Even though I'm getting a VBL quilt, I see a VBL suit being useful for those times I want to sleep with extra clothing to extend the range of my quilt. I think an extra 6 oz is well worth the weight if it allows me to use clothing that I'll already be bringing to extend the range of my quilt by another 10 degrees.Feb 23, 2010 at 4:03 am #1577392
Whatever you do, just make sure you don't wakeup soaked from sweat in that thing.Feb 23, 2010 at 4:55 am #1577396
@windwardLocale: NE Tennessee
I used a cheap coated nylon athletic suit while winter camping in Michigan's UP many years ago. It kept my bag dry from the inside and seemed to add 5-10 degrees to the bag's warmth.
Recently purchased Stephenson's VB shirt & pants, made from the gray Fuzzy Stuff. Pants are 5 oz, shirt 5.5 oz. I could do without the pocket on the shirt, and a shorter zipper would also be welcome, but they fit and work well. I had planned to go MYOG using Sil, but the AGGs look good for the price and may be a more expedient way to go.
I'm sold on the VB suit for sleeping below freezing. It permits me supplement with additional clothing, which I couldn't do with a simple VB liner, and adding it to my Phantom is still lighter than my old Blue Kazoo down bag.
Thus far I've only slept in my Stephenson suit a few nights. They are not clammy or damp. My MYOG momentum bag cover left me feeling damp, and consequently cold, in temps around 25-30. The suit takes care of that, and seems to add 5 to 10 deg to my Phantom 32.
I recently took that bag down to 5-10 deg F, fairly comfortably, using MYOG cover, the VB suit & socks, base layer & R1 hoodie, Cocoon pants, MB UL 1/2 sleeve down jacket, Puff pullover and Cocoon balaclava.
On a separate night the lows were around 18-22, and I was too warm in a similar setup minus the 1/2 sleeve jacket.

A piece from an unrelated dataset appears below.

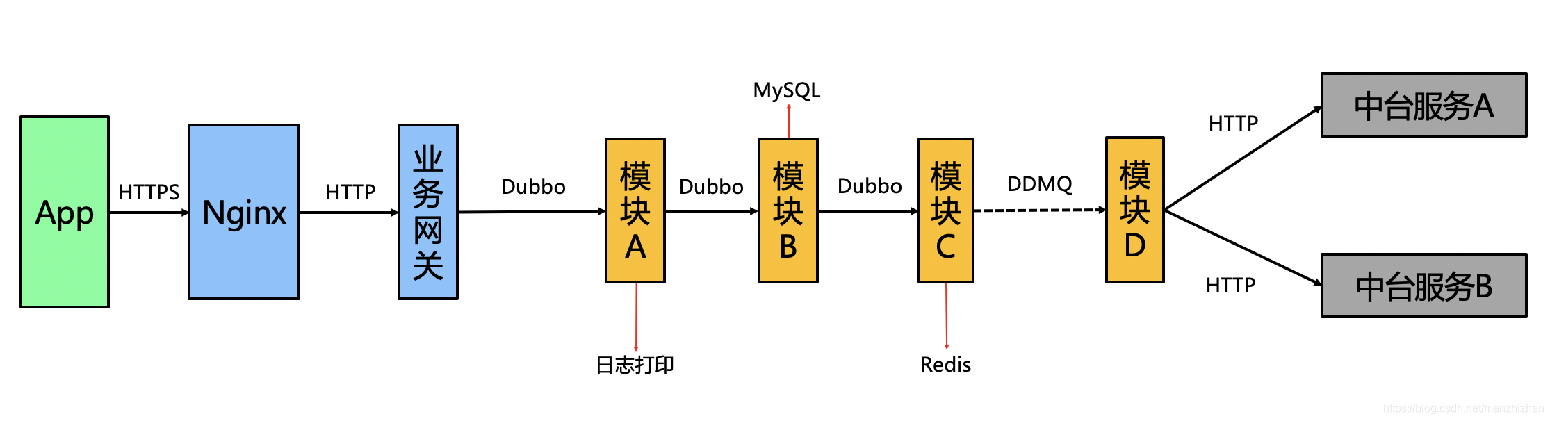 上图最左边的App指的是用户手机中装的App,从后面的链路我们可以看出,业务网关后面就是我们的服务端系统,各模块之间使用Dubbo来进行交互,当然异步用的是DDMQ,而当模块需要使用集团的中台服务时,我们使用的是HTTP。模块内部还使用了线程池,也使用了MySQL、Redis等外部服务。

Slept with the bag open, not using the hood, until about 0530.
Haven't experimented with wearing it above freezing, but in those conditions my bivy still tends to condense and leave me feeling damp/cold, so will probably try the VB suit some this spring to establish effective upper limits.
These wouldn't vent enough for me underway in the conditions I encounter, but to keep my other layers dry when I'm wearing a pack I plan to make a 2nd layer vest using a sil back and shoulders, momentum face and something porous and stretchy on the sides.Feb 23, 2010 at 8:08 am #1577448
"I do think that you need VBL gloves and socks with it" -Hendrik Morkel
As I stated before, I have not yet acquired everything that I needed for winter. I do plan on getting VB gloves and socks.
In my opinion, a suit would be more versatile than a liner bag. For only being an ounce or two heavier than a liner bag, I think it is well worth the extra weight.
-SidFeb 23, 2010 at 8:13 am #1577453
@mocs123Locale: Southeast Tennessee
Sil Mitts can be found here:Feb 23, 2010 at 8:35 am #1577468
I can't seem to find a weight listed for those Mitts. I was thinking about something like the BPL Featherlite Vapor Mitts.